Kabupaten Bengkulu Tengah (ANTARA) - Pemerintah Kabupaten (Pemkab) Bengkulu Tengah, Provinsi Bengkulu, terus melanjutkan bekerja dari mana saja atau work from anywhere (WFA) yang telah dilakukan sejak awal tahun guna menekan pengeluaran dana atau efisiensi anggaran.

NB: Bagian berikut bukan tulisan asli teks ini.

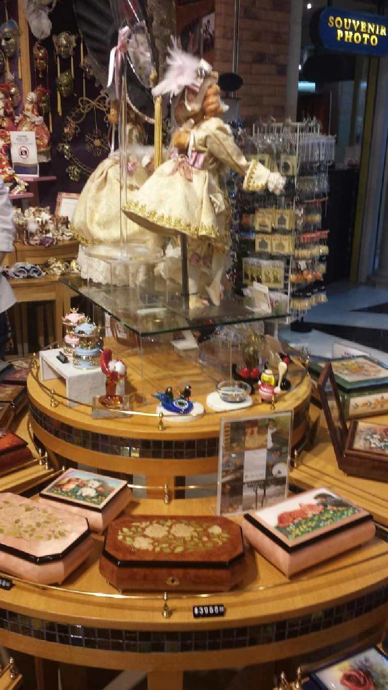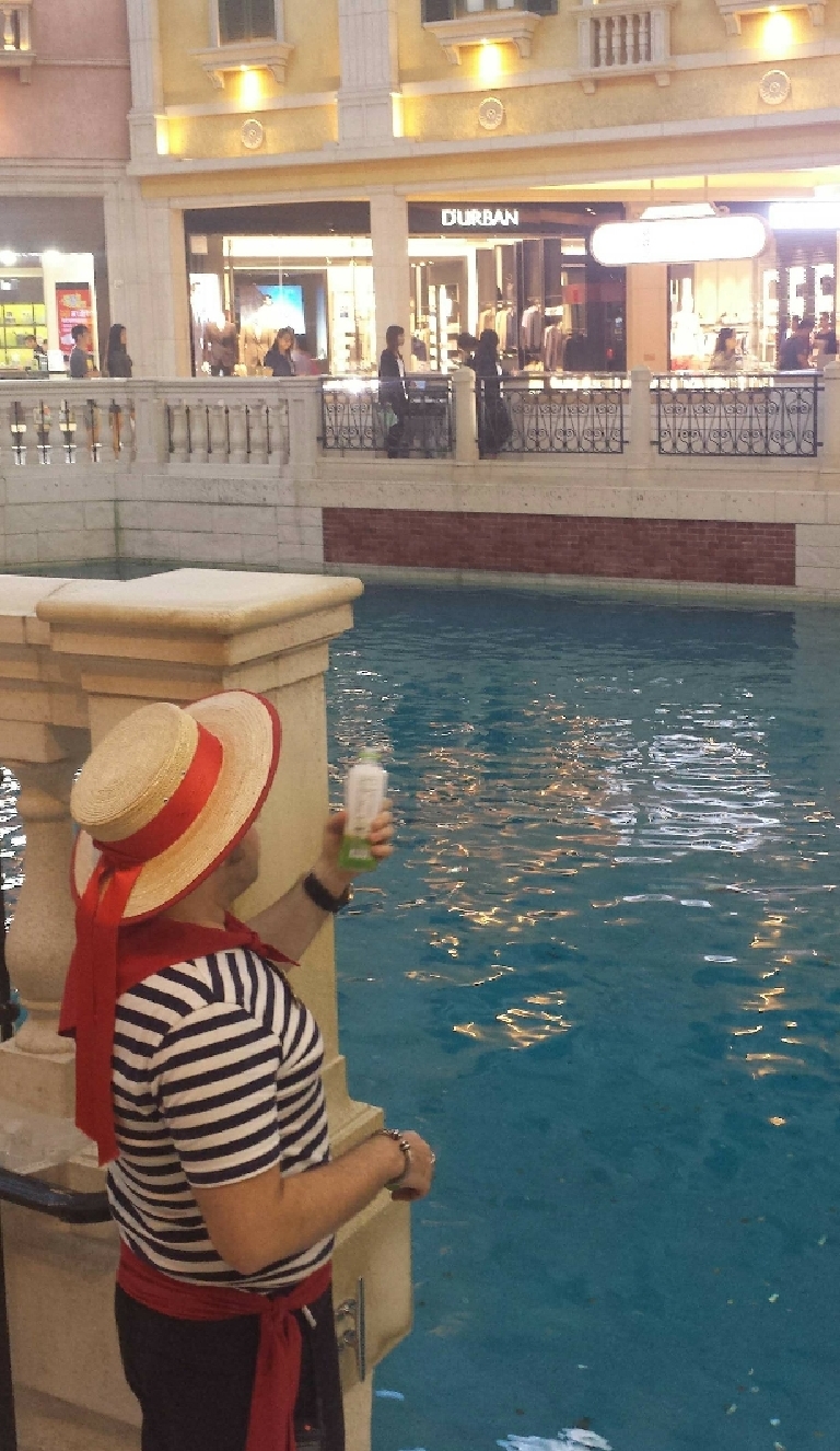 建议去威尼斯人酒店二楼的大运河购物街,它是模仿水上之都威尼斯所打造的,天花板也刷成了湛蓝的天空,刚映入眼帘的时候会不由惊叹,真的有种置身于意大利威尼斯的感觉。搭乘贡多拉船要凭电子凭证到贡多拉礼品店盖章,然后到搭乘处排队。话说,排队的人真心多啊,而且是来自不同的国家,如韩国等东南亚国家,大家纷纷都是慕名前来,脸上都洋溢着期待的喜悦。一趟约15分钟,由一个船员带着四个游客乘着贡多拉船荡漾在大运河里,欣赏着沿途的建筑风光。船员也会即兴唱歌,或加入你的自拍,让过程变得更加有趣味。我们是和两个韩国女生一起搭乘,然后女船员姐姐(忘了她是哪国的,好囧)给我们唱威尼斯船歌《桑塔露琪亚》,期间还引导我们唱中韩的一些著名的歌曲,挺逗哒~~
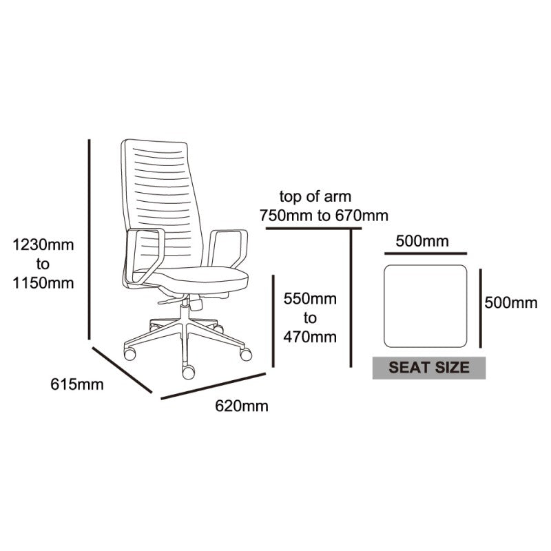 - High back Executive chair in Black quality 1mm PU

Hal tersebut dilakukan setelah pemerintah daerah itu melakukan evaluasi sistem kerja WFA pada triwulan pertama tahun 2026 dan menunjukkan adanya efisiensi anggaran yang cukup signifikan di sejumlah organisasi perangkat daerah (OPD) di lingkup Pemkab Bengkulu Tengah.
"Memang sejak Januari 2026 kita telah menerapkan bekerja dari rumah atau work from home (WFH) dan WFA. Berdasarkan hasil evaluasi kita ternyata terjadi penurunan signifikan terhadap belanja-belanja rutin," kata Bupati Bengkulu Tengah Rachmat Riyanto, di Karang Tinggi, Kamis.
Seperti pada biaya listrik, pada triwulan pertama 2026 Pemkab Bengkulu Tengah menetapkan sistem WFA dengan tiga hari di kantor dan dua hari WFA, biaya listrik pada awal tahun 2025 mencapai Rp226 juta, sedangkan awal tahun ini hanya Rp80 juta.
Untuk itu, pemerintah daerah melanjutkan program WFA hingga tiga bulan ke depan dan akan melakukan evaluasi pada Juli guna memastikan pelaksanaan efisiensi anggaran tersebut apakah akan dilanjutkan atau seperti apa.
Meskipun Pemkab Bengkulu Tengah menerapkan sistem kerja WFA, namun Rachmat memastikan bahwa untuk pelayanan publik kepada masyarakat tetap berjalan secara maksimal.
Sebab, pemberlakuan kebijakan WFA tersebut tidak diberlakukan bagi instansi atau OPD yang bersentuhan langsung dengan masyarakat seperti pelayanan administrasi kependudukan dan catatan sipil, rumah sakit, puskesmas, dan lainnya.
"Pemerintah Kabupaten Bengkulu Tengah menargetkan efisiensi anggaran tetap terjaga tanpa mengurangi kualitas pelayanan kepada masyarakat," terang Rachmat.